Geometry Modules

Constructive Solid Geometry

Modulus provides several 1D, 2D and 3D primitives that can be used for sampling point clouds required for the physics-informed training. These primitives support the standard boolean operations* like Union (+ ), Intersection (& ) and Subtraction (- ).

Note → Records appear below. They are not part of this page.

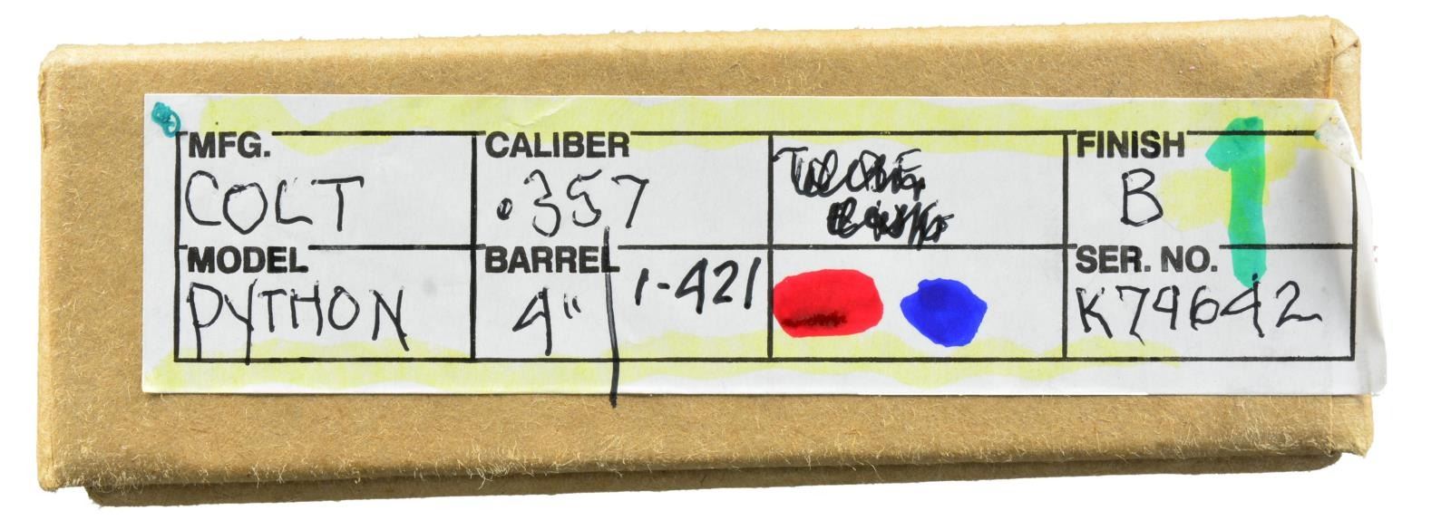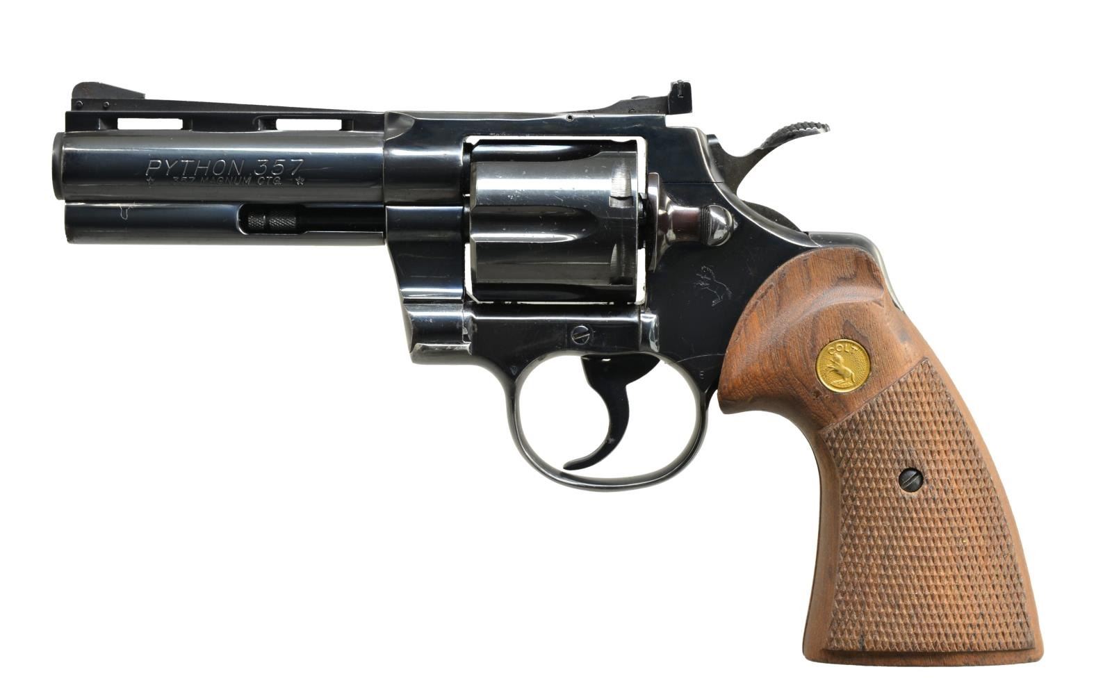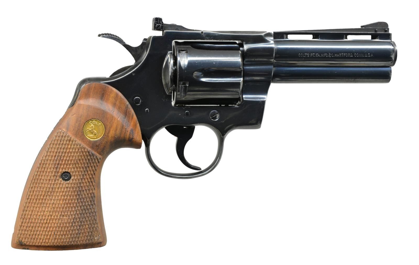 Cal. 357 Mag. S# K79642. Bbl. 4" w/ VR & full lug. Serrated ramp pinned blade front sight w/ adj. square notch rear sight. 6 Shot fluted cyl. Blue finish. 2 Piece checkered walnut target grips w/ gold Colt medallions. Mfg. 1982. UNATTACHED ACCESSORIES: Protecta-gun box. CONDITION: top strap of frame has altered contours. 90% Reblued metal finish. Grips have matte oil style refinish. Bright near excellent bore. (21-931/DS). MODERN. $1,200-1,800.
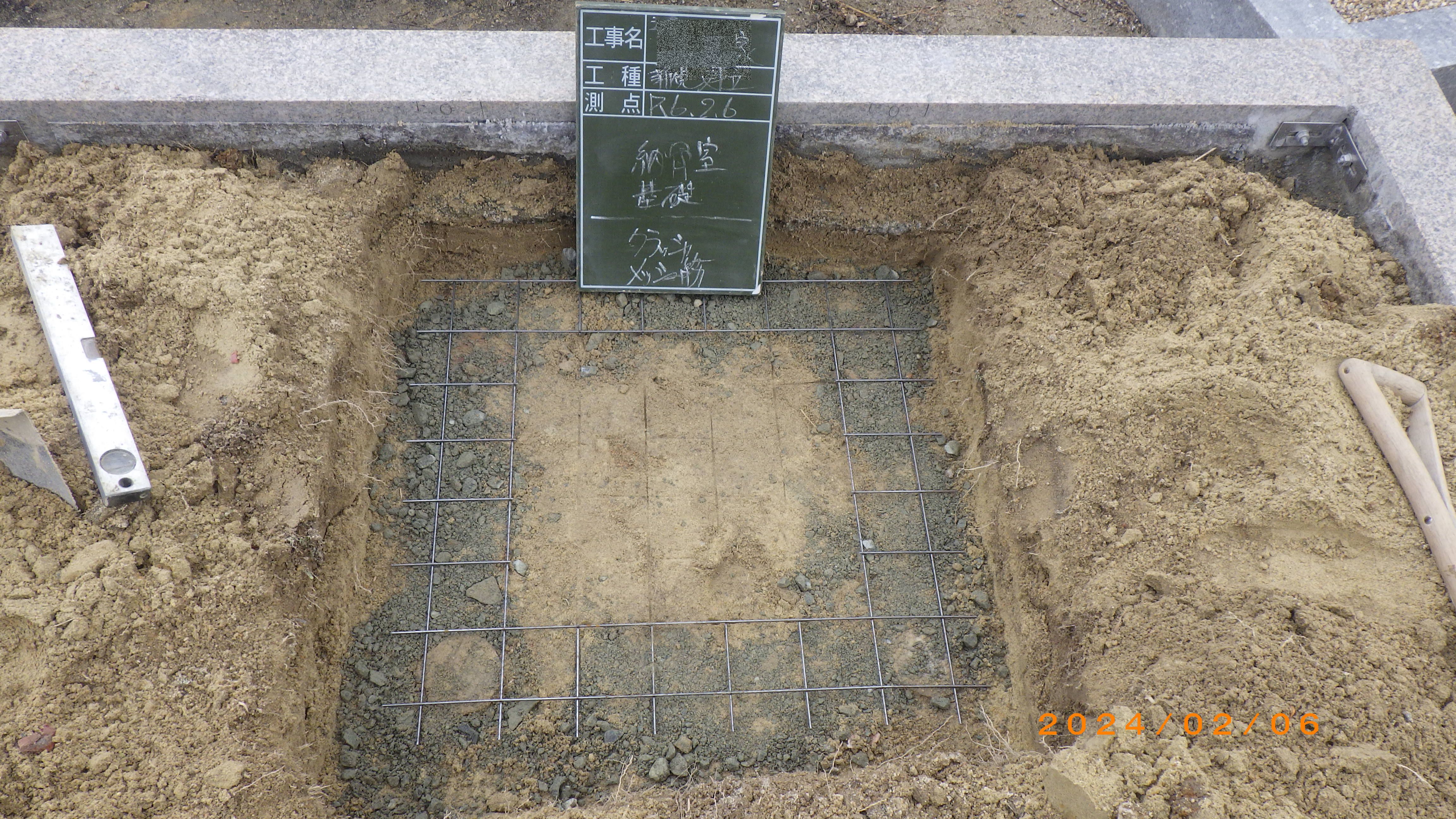 さらにその上にクラッシャー(砕石)を敷いてメッシュ筋を施工し、白御影石の石棺をセメントで固定します。
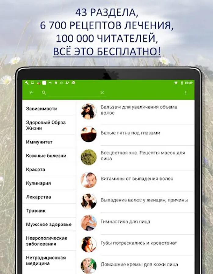 We have combined traditional and traditional medicine. In the application you will find: a description of diseases, symptoms, signs, prevention, medications and treatments.
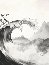 waves sumi e drawing ocean ink brushstrokes gentle movement sea flow soft calm water traditional artistic fluidity ripples blue nature tranquility serene peaceful rhythmic coastal harmony delicate horizon abstract foam balance landscape tide beauty simplicity zen meditativeImagine Buddy
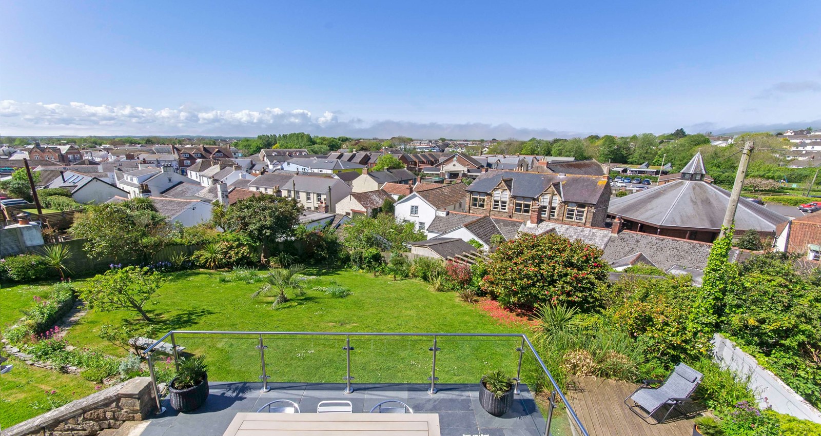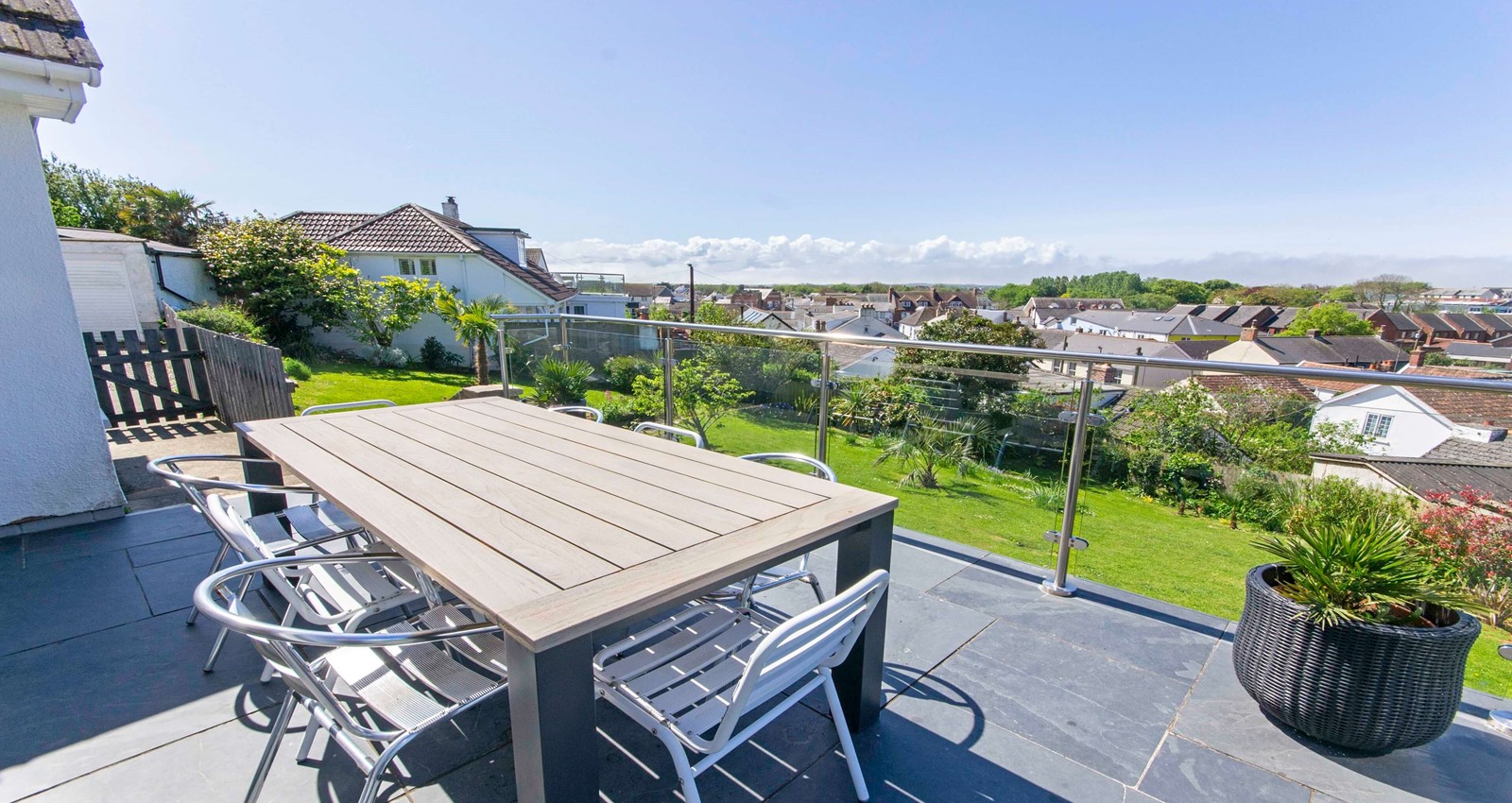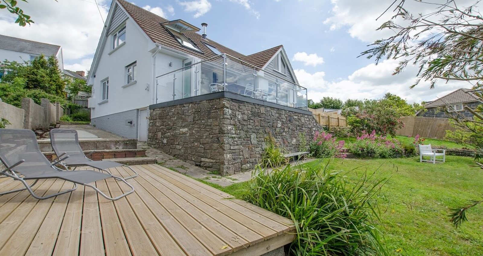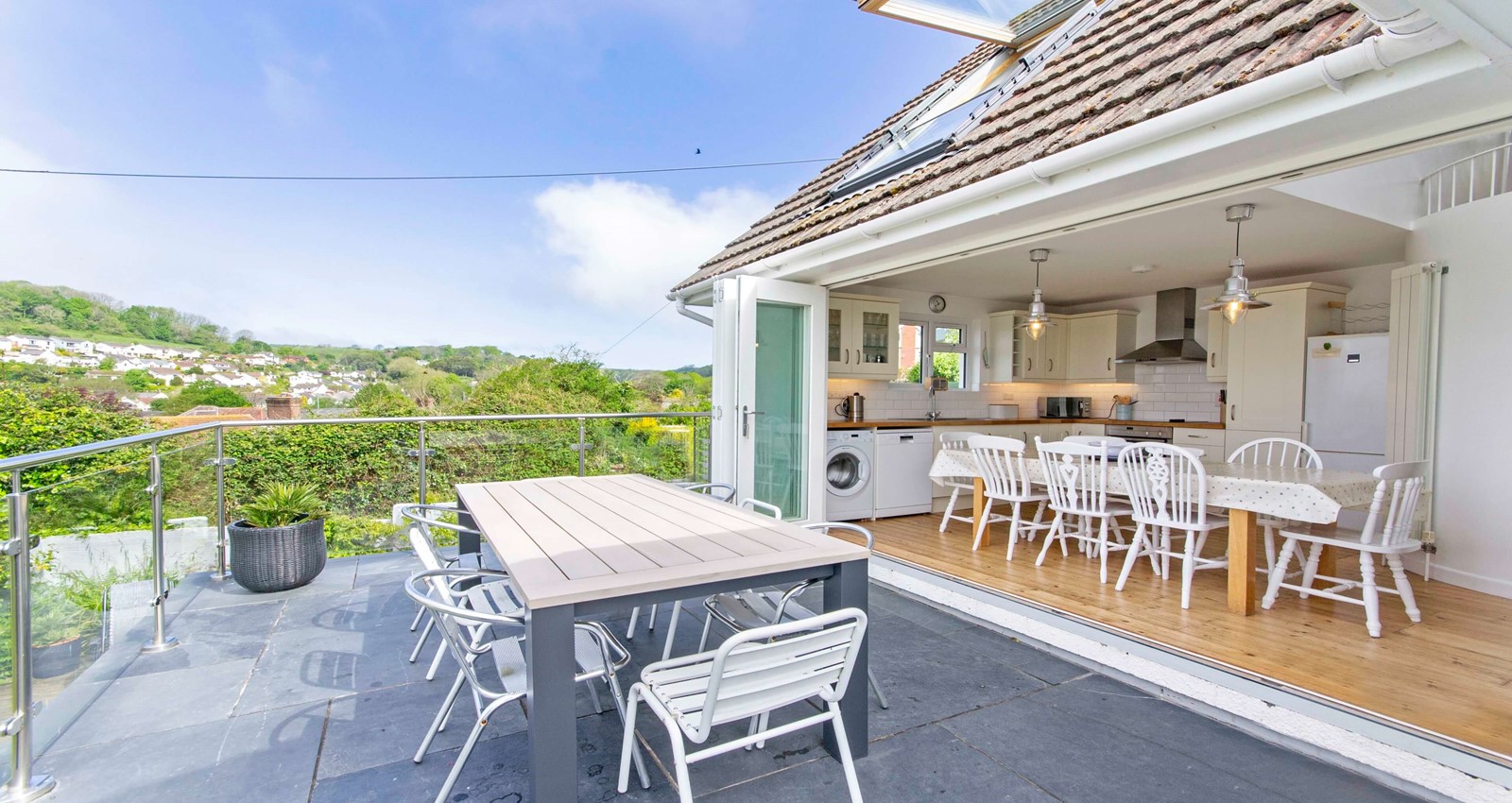 Bifold doors from the dining area lead onto a slate terrace enclosed with a glass wall and furnished with a large outdoor table and chairs. Steps descend to a wraparound sloped garden that's fully enclosed with mature shrubs, plum and pear trees, and a lawned area. Adjacent to the lawn is a decked space perfect for catching the final evening sun. Enjoy relaxed evenings with the coal Weber BBQ, soaking in views across to the twinkling lights of Appledore and Instow. Additional features include a quiet patio, outdoor shower, and private parking for three cars.
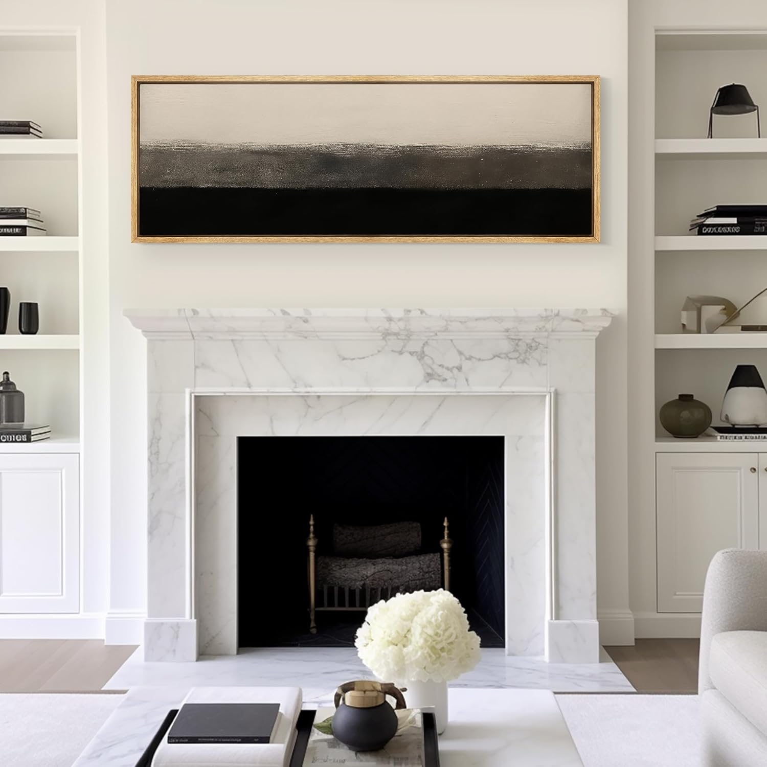 MUDECOR Large Framed Canvas Print Wall Art Minimalist Black and Beige Abstract Neutral Tones Modern Illustrations Decorative Colorful for Bedroom - 60"x20"

The boolean operations work on the signed distance fields of the differnt primitives.

Below example shows a simple CSG primitive being built using Modulus.

Listing 1 Constructive solid geometry
import numpy as np
from modulus.geometry.primitives_3d import Box, Sphere, Cylinder
from modulus.utils.io.vtk import var_to_polyvtk

# number of points to sample
nr_points = 100000

# make standard constructive solid geometry example
# make primitives
box = Box(point_1=(-1, -1, -1), point_2=(1, 1, 1))
sphere = Sphere(center=(0, 0, 0), radius=1.2)
cylinder_1 = Cylinder(center=(0, 0, 0), radius=0.5, height=2)
cylinder_2 = cylinder_1.rotate(angle=float(np.pi / 2.0), axis="x")
cylinder_3 = cylinder_1.rotate(angle=float(np.pi / 2.0), axis="y")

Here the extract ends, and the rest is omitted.